= Reservation policy in Tamil Nadu =

System of affirmative action in India

Reservation policy in Tamil Nadu is a system of affirmative action that provides historically disadvantaged groups representation in education and employment. Reservations in the state rose from 41 percent in 1954 to 69 percent in 1990.

== History ==
Tamil Nadu has long struggled for equal educational opportunities and government jobs dating back to the pre-independence period. Reservation was especially believed by the oppressed classes as a successful mechanism for affirmative action against discrimination.

=== Before independence ===
The Madras Presidency was the very first presidency in British Raj to use reservation as a means of ensuring justice for the disadvantaged. There were complaints about Brahmin dominance in the government, where they overshadowed others by numbers and held senior roles. The Brahmin hegemony in the administration was owing to their better educational opportunities as a result of their superior position in the caste hierarchy.

C. Natesa Mudaliar,P. Theagaraya Chetty and T.M. Nair established the South Indian Liberal Federation, popularly known as the Justice Party in 1916 to advocate for non-Brahmins in government workforce in the Madras Presidency. Chief Minister of Madras Presidency, Akaram Subbaroyalu Reddy, acted in 1921 with a Government Order setting up reservation. The Government Order was met with immediate opposition and had to be put on hold. The social reformer Periyar E. V. Ramasamy who was a member of the Congress at the time, pushed his party to endorse reservation. He resigned after the party declined, and rallied all over Tamil Nadu to gain support for the Government Order's implementation. The Government Order known as the 'Communal Government Order' was only implemented in 1927 by P. Subbaroyan, a Chief Minister of Madras Presidency. According to the Governmental order, Non-Brahmin Hindus were to receive 44% of all posts, while Brahmins, Muslims, Christians and Anglo-Indians were to receive 16% each, and Scheduled Castes were to receive 8%. Although, these numbers did not accurately represent their population share, Periyar pointed to it as a 'compromise' and accepted it.
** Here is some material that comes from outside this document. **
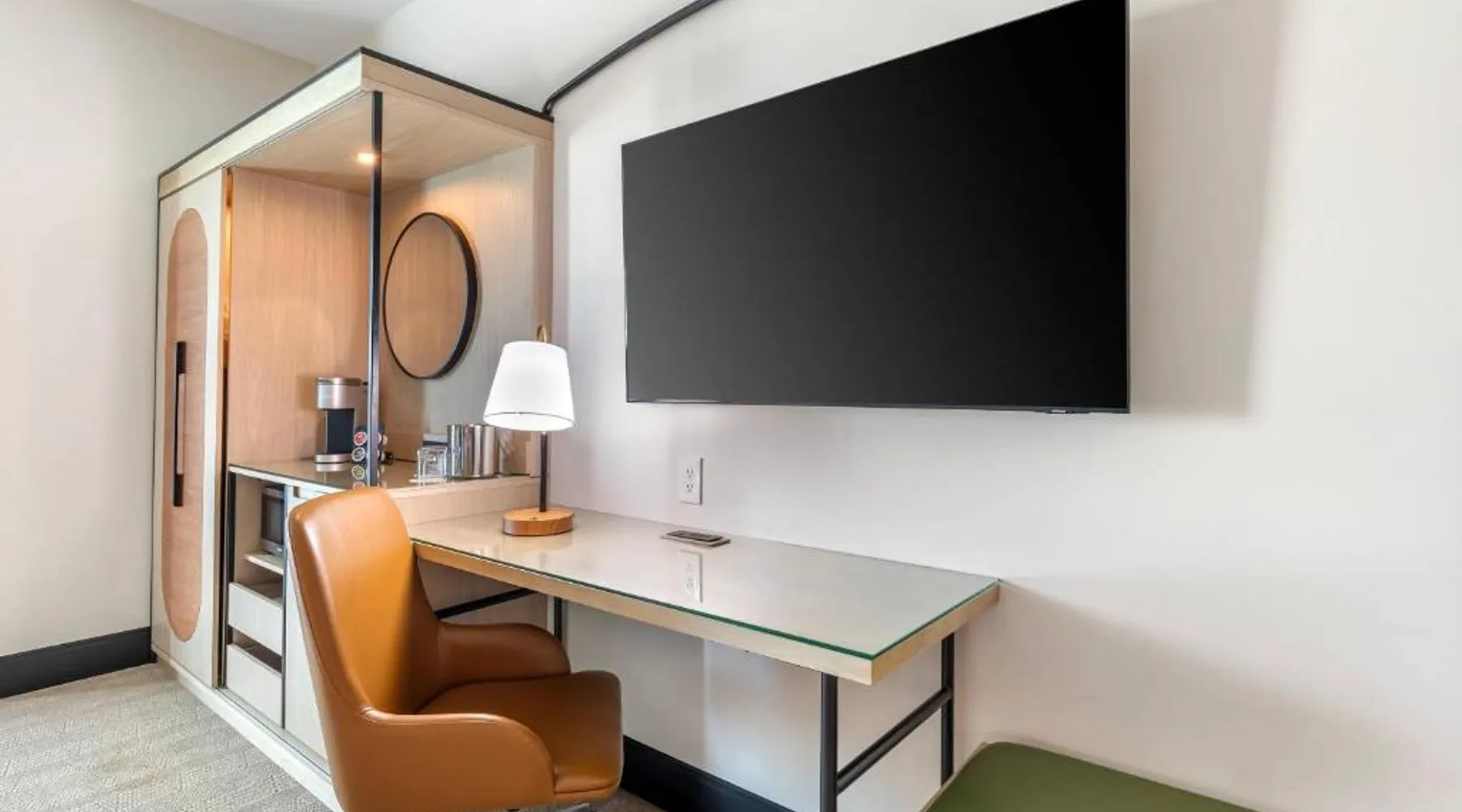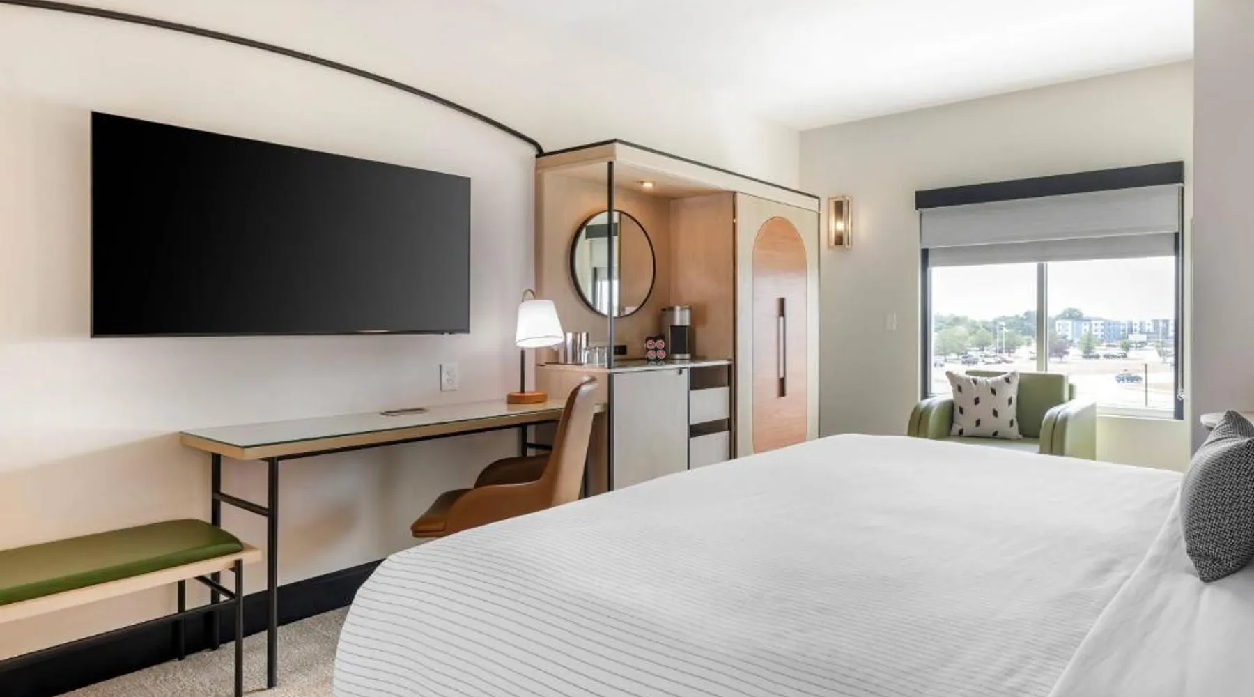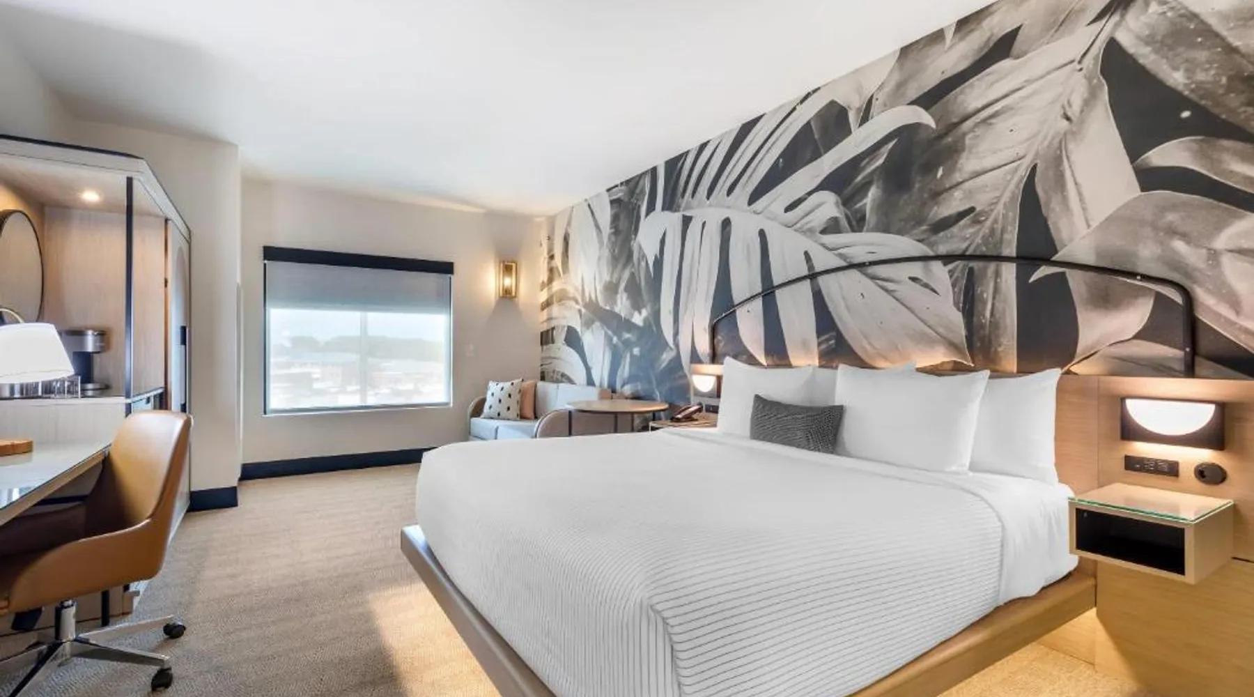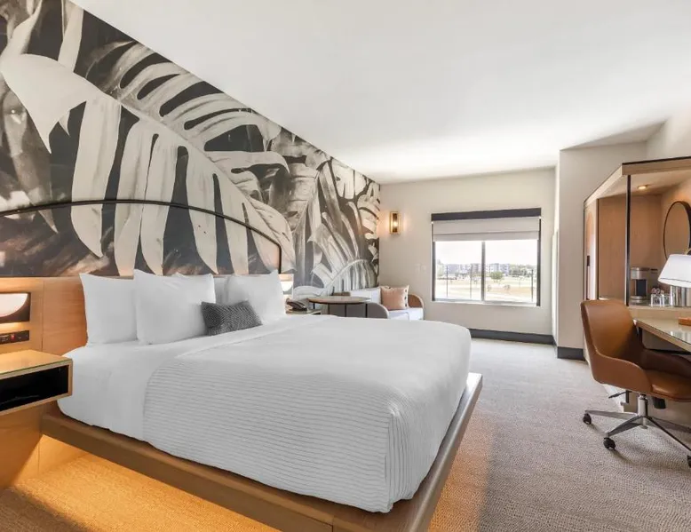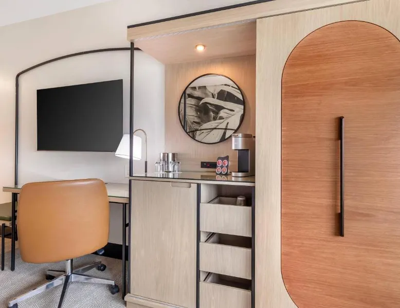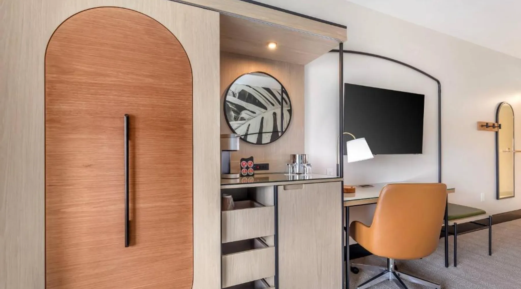 Comfortable Accommodations: Cambria Hotel Rehoboth Beach in Rehoboth Beach offers family rooms with air-conditioning, private entrances, and balconies. Each room includes a wardrobe, refrigerator, work desk, and microwave. Exceptional Facilities: Guests enjoy a fitness center, indoor swimming pool, and free WiFi in public areas. Additional amenities include a restaurant, bar, lounge, outdoor fireplace, hot tub, and games room. Dining Experience: The modern, family-friendly restaurant serves American cuisine with brunch, lunch, and dinner. The bar offers cocktails in a relaxed setting. Prime Location: Located 4.3 mi from Rehoboth Beach Boardwalk and near attractions such as Thunder Lagoon Waterpark (21 mi) and Ocean City Harbor (29 mi). Free on-site parking is available. Guest Satisfaction: Highly rated for room cleanliness, attentive staff, and excellent swimming pool. The spacious quadruple room features air conditioning, a private entrance, a wardrobe as well as a balcony with pool views. The unit has 2 beds.

This order, which was based on English literacy, which was just about 7% at the time. The order remained in effect from then until 1950, and it was applied in employment and admissions to educational institutions.

=== After independence===

In 1950, India's Constitution went into effect. The Communal governmental order was shortly annulled by the Madras High Court on the basis that it was unconstitutional. The decision was upheld by the Supreme Court. A Statewide protest against the court judgment was led by Periyar. The Congress also backed the reservations. Chief Minister K. Kamaraj brought the matter to Prime Minister Jawaharlal Nehru, who helped amend Articles 15 and 16 of the Constitution, which enable states to have quotas in educational institutions and public service for educationally and socially backward classes.
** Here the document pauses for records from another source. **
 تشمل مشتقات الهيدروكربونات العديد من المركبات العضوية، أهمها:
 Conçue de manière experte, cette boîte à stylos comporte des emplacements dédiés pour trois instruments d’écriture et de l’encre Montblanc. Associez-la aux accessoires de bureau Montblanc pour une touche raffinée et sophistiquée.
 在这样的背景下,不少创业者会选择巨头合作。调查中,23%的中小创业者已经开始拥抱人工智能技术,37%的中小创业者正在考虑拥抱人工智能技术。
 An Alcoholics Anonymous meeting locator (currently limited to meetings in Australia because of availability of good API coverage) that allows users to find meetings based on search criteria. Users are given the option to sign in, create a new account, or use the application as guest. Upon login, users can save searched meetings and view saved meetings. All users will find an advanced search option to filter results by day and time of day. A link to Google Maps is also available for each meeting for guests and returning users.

==Present Reservation Scheme Details==
Below are the details of Reservation followed in Tamil Nadu.

Main Category as per Government of Tamil Nadu: Sub Category as per Government of Tamil Nadu; Reservation Percentage for each Sub Category as per Government of Tamil Nadu; Reservation Percentage for each Main Category as per Government of Tamil Nadu; Category as per Government of India
Backward Class (BC): BC - General; 26.5%; 30%; Backward Class
BC - Muslims: 3.5%
Most Backward Class (MBC): Most Backward Communities (MBC); 13%; 20%
Denotified Community (DNC): 7%
Scheduled Castes: Scheduled Castes (others); 15%; 18%; Scheduled castes and scheduled tribes
only for (Arunthathiyar): 3%
Scheduled Tribes: 1% No Sub-Categories; 1%
Total Reservation Percentage: 69%

== Impact ==
Tamil Nadu's reservation policy is successful. Reservations have a major effect in Tamil Nadu's successful results on human development index.

==Timeline==

Tamil Nadu Reservations

=== 1920 – 1979 ===
In 1927 due to the efforts of Periyar E. V. Ramasamy, the Communal government order was brought into effect by the Chief minister of the Madras Presidency. The reservation gave 44% to non-Brahmin Hindus, 8% to scheduled castes and 16% to Brahmins, Christians and Muslims. Although, these numbers did not accurately represent their population share, Periyar pointed to it as a 'compromise' and accepted it.

In 1950, the reservation was removed because it was considered unconstitutional by the Madras High court and was upheld by the Supreme court.

From 1951, the backward classes were given a 25% allocation.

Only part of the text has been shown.